I am reading through Roydens Real Analysis text and I have not studied, at least in depth, sequences of functions. Thus, I have taken a slight aside from reading the text in order to look at sequences of functions. I am curious if the following is an example of a sequence of functions on $[0,1]$ that converges pointwise but not uniformly. Moreover, if the follow up argument provides a proof of this claim.
Define the sequence of functions $\{f_n\}$ as:
$$f_n(x):=n\chi_{(0,1/n]}.$$
Or written differently:
$$
f_n:=\begin{cases}
n & \text{ if } 0< x \leq 1/n \\
0 & \text{ otherwise } \\
\end{cases}
$$
Naturally, we have the following for a fixed $x$:
$$\lim\limits_{n\to\infty}f_n = \lim\limits_{n\to\infty}n\chi_{(0,1/n]} = \lim\limits_{n\to\infty}
\begin{cases}
n & \text{ if } 0 < x \leq 1/n \\
0 & \text{ otherwise } \\
\end{cases} =
\begin{cases}
\infty & \text{ if } 0 < x \leq 0 \\
0 & \text{ otherwise } \\
\end{cases} =
0.$$
Therefore, we can conclude that $\{f_n\}\overset{point.}{\to} 0$. However, we claim that
$\{f_n\}\overset{unif.}{\not\to} 0$. To see this, define the following:
$$\Delta_n:=\sup\limits_{x\in[0,1]}\left|f_n(x)-f(x)\right| = \sup\limits_{x\in[0,1]}\left|n\chi_{[0,1/n]} – 0\right| = \sup\limits_{x\in[0,1]}\left|n\chi_{[0,1/n]}\right| =
\sup\limits_{x\in[0,1]}n\chi_{[0,1/n]} =
n.$$
Since
$$\lim\limits_{n\to\infty}\Delta_n = \lim\limits_{n\to\infty}n\neq 0,$$
we can conclude that $\{f_n\}\overset{unif.}{\not\to} 0$.
Best Answer
This is essentially correct.
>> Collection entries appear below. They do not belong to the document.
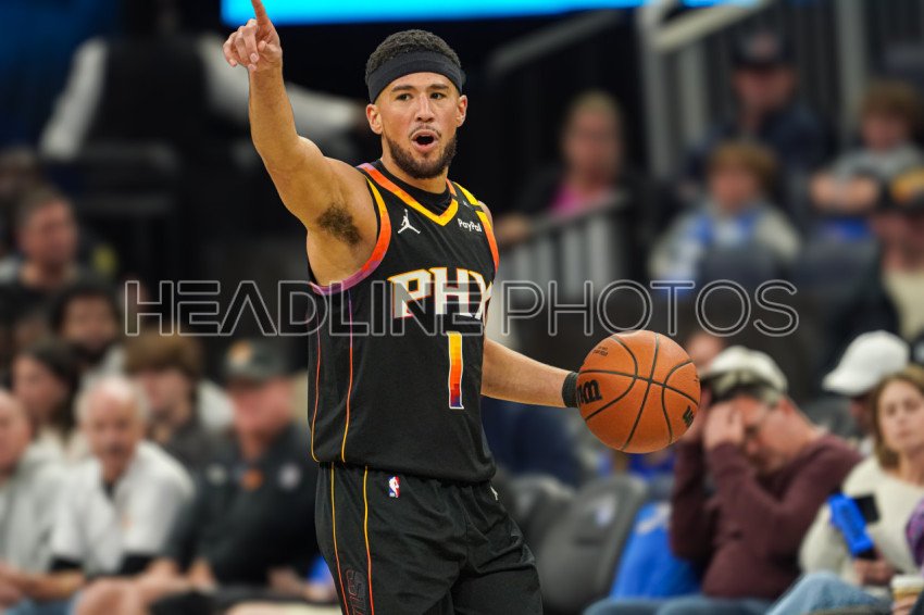 Orlando, Florida, USA, December 8, 2024, Phoenix Suns fguard Devin Booker #21 pushes forward as he points to teammate at the Kia Center. (Photo Credit: Marty Jean-Louis)
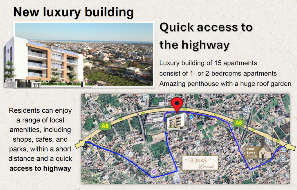 Luxury 2 bedrooms Apartment with 115 sqm including covered veranda + storage + covered parking. Available on 2nd and 3rd floor. Excellent location in a quite area with direct access to highway.  The vibrant area of Ypsonas, offering an ideal blend of comfort and convenience. Residents can enjoy a range of local amenities, including shops, cafes, and parks, within a short distance and a quick access to highway…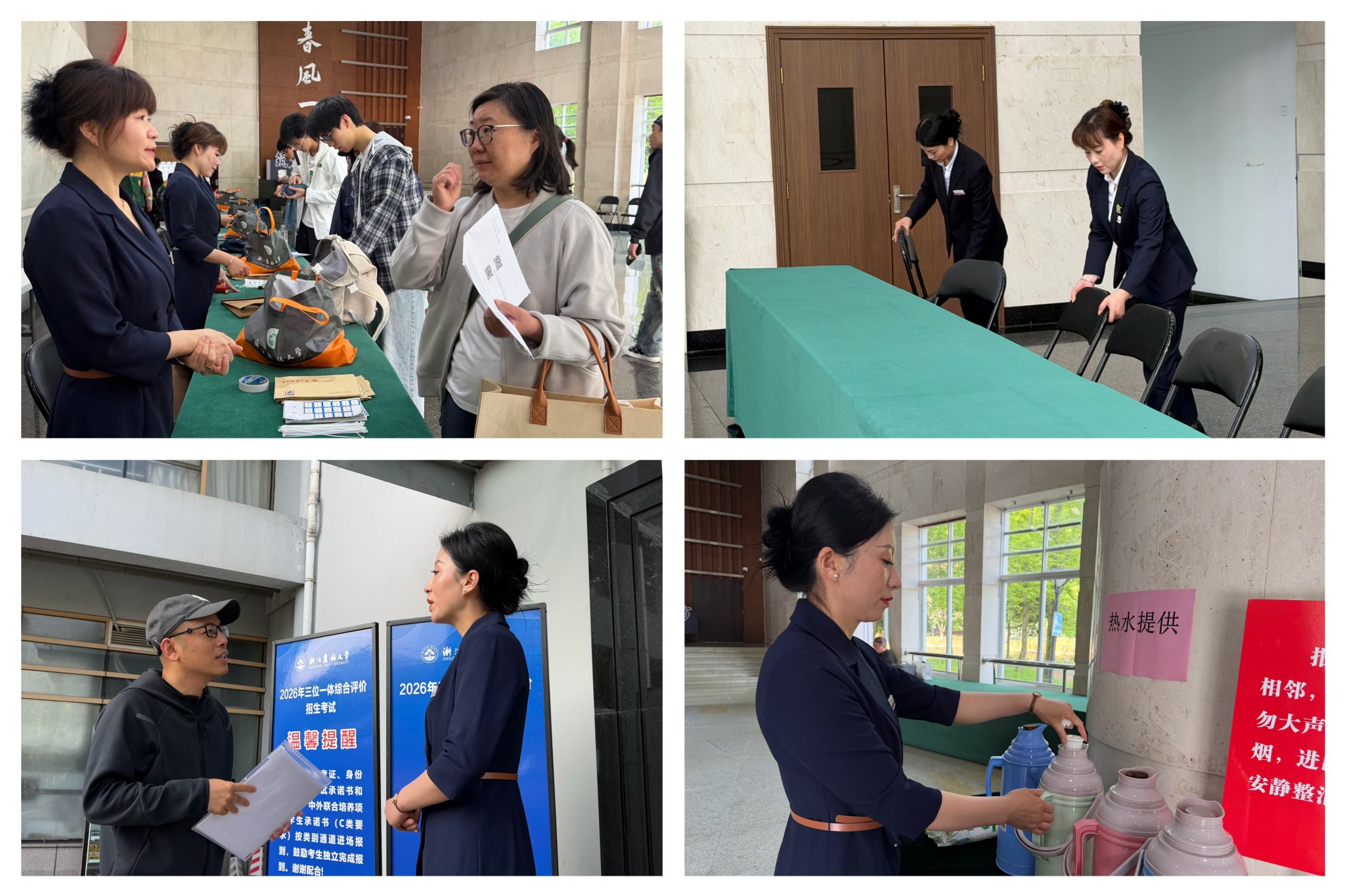 4月18日—19日,学校2026年“三位一体”招生综合素质测试工作在东湖校区进行。物业部、餐饮部、接待部、文教部各司其职、通力合作,为2000余名考生及其家长提供周到贴心的后勤服务。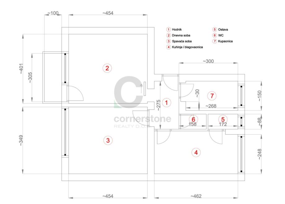 Stan se sastoji od ulaznog hodnika, kupaonice, odvojeni WC, spavaće sobe, dnevnog boravka, zatvorene lođe, kuhinje s ostavom i blagovaonicom.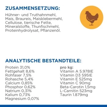 Enthält wenig Fett und wenig Kalorien: mit 18% weniger Kalorien im Vergleich zu HILL’S SCIENCE PLAN Mature Adult Katzenfutter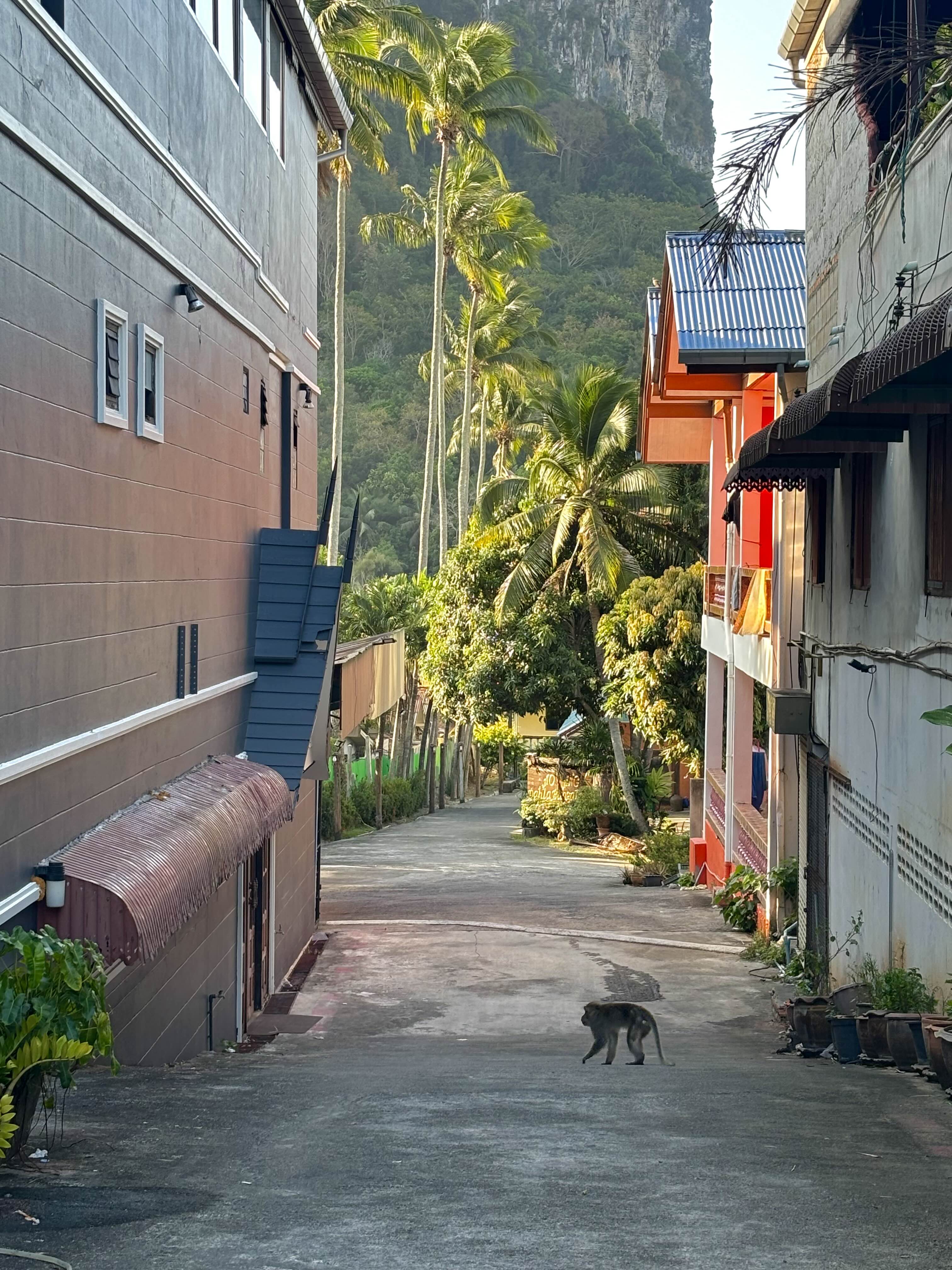 아오낭 골목길에서 지나가는 원숭이를 보다니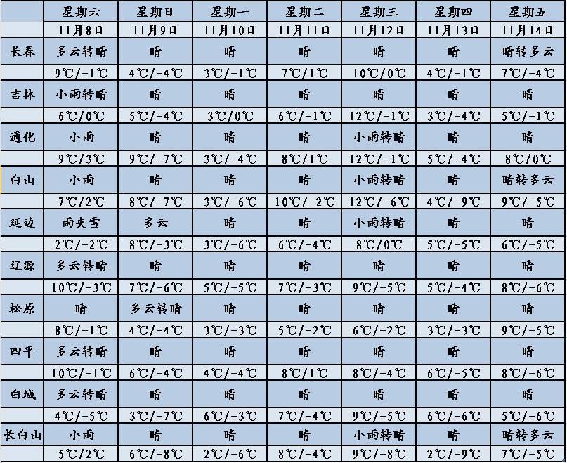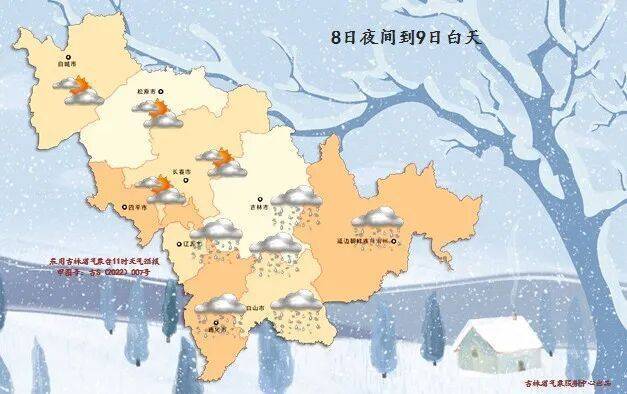 今天夜间到明天白天,全省多云有时阴,白城、松原北部、延边州有小雪或雨夹雪,部分地方有小到中雪,其他地区有雨夹雪或小雨。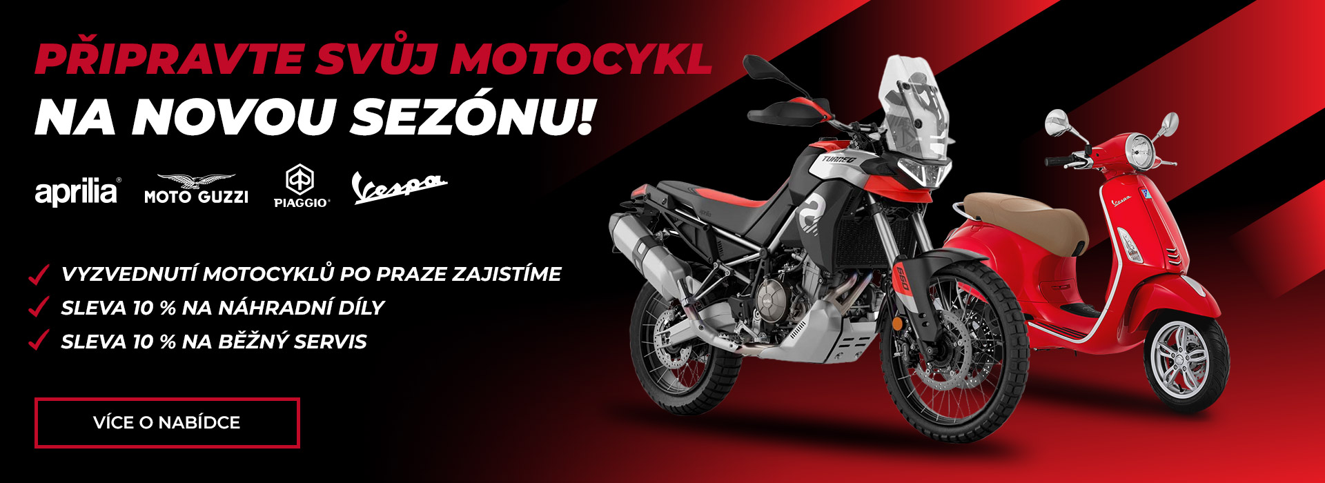 Je váš motocykl dostatečně připravený na příští sezonu? Přivezte jej k nám do IMOFA a my prověříme jeho kondici. V případě zjištění problému či závady vám nabídneme opravu za příznivou cenu. Servisujeme motocykly značek Aprilia, Moto Guzzi, Vespa a Piaggio.

In some places you use $\chi_{[0,1/n]}$ instead of $\chi_{(0,1/n]}$ -- for these functions, the sequence doesn't converge at $x=0$.
You can make your functions converge pointwise on all of $[0,1]$ bounded by removing the factor of $n$: if $f_n=\chi_{(0,1/n]}$, then $f_n(x)$ converges to $0$ for all $x$.
You can also make the functions continuous if you wish by replacing the drop from $n$ to $0$ (or from $1$ to $0$ as in the previous paragraph) a very short line segment, and moving your interval to somewhere in the middle of $[0,1]$, so that you can do this for both endpoints.